Action item: In the material below, the line holding "Downtown living at" and every line after it should be reproduced exactly, please, with pictures omitted.

Dataset section:
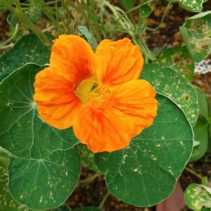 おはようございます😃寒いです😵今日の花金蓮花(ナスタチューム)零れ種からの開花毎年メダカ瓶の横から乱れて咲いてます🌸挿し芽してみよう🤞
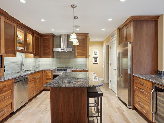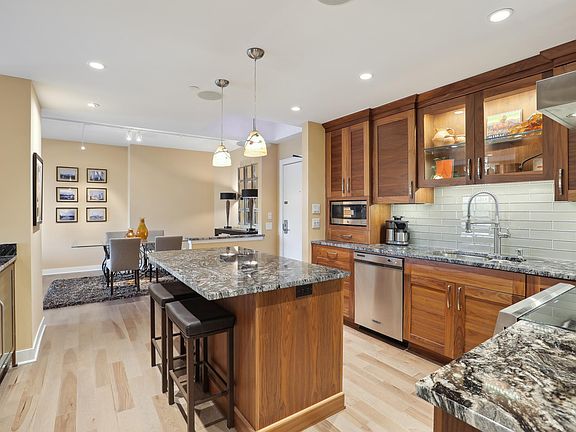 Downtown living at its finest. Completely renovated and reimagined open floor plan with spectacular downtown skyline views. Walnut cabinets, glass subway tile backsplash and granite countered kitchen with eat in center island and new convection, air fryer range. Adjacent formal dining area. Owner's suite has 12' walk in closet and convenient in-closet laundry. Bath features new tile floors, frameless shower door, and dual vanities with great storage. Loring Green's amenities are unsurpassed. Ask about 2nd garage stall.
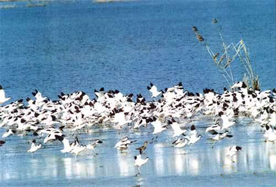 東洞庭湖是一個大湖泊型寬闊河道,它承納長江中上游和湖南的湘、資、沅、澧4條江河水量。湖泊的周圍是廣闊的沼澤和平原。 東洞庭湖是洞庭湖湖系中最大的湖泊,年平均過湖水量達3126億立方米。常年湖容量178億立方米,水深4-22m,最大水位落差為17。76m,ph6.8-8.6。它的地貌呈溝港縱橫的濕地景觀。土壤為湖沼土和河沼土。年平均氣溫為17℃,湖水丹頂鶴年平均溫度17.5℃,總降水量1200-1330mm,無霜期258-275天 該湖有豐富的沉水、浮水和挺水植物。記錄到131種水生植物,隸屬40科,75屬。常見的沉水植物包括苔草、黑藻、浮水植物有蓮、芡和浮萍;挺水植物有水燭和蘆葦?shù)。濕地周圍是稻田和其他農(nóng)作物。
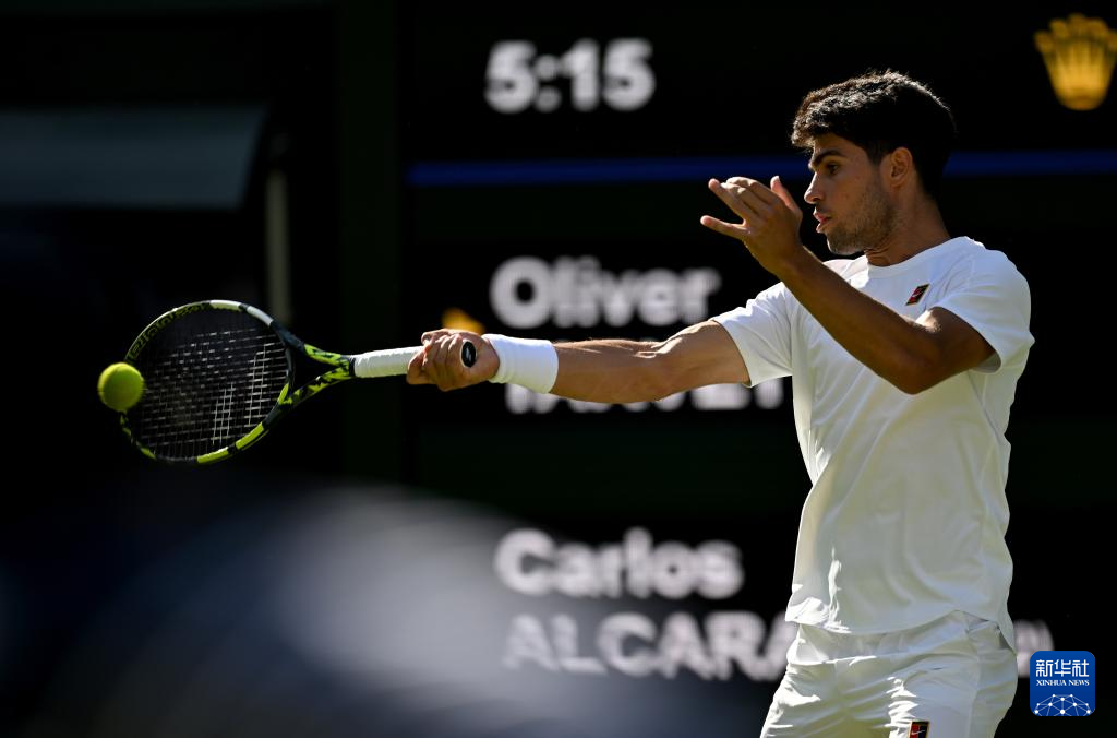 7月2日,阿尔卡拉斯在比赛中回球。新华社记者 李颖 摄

Task output:
 Downtown living at its finest. Completely renovated and reimagined open floor plan with spectacular downtown skyline views. Walnut cabinets, glass subway tile backsplash and granite countered kitchen with eat in center island and new convection, air fryer range. Adjacent formal dining area. Owner's suite has 12' walk in closet and convenient in-closet laundry. Bath features new tile floors, frameless shower door, and dual vanities with great storage. Loring Green's amenities are unsurpassed. Ask about 2nd garage stall.
 東洞庭湖是一個大湖泊型寬闊河道,它承納長江中上游和湖南的湘、資、沅、澧4條江河水量。湖泊的周圍是廣闊的沼澤和平原。 東洞庭湖是洞庭湖湖系中最大的湖泊,年平均過湖水量達3126億立方米。常年湖容量178億立方米,水深4-22m,最大水位落差為17。76m,ph6.8-8.6。它的地貌呈溝港縱橫的濕地景觀。土壤為湖沼土和河沼土。年平均氣溫為17℃,湖水丹頂鶴年平均溫度17.5℃,總降水量1200-1330mm,無霜期258-275天 該湖有豐富的沉水、浮水和挺水植物。記錄到131種水生植物,隸屬40科,75屬。常見的沉水植物包括苔草、黑藻、浮水植物有蓮、芡和浮萍;挺水植物有水燭和蘆葦?shù)。濕地周圍是稻田和其他農(nóng)作物。
 7月2日,阿尔卡拉斯在比赛中回球。新华社记者 李颖 摄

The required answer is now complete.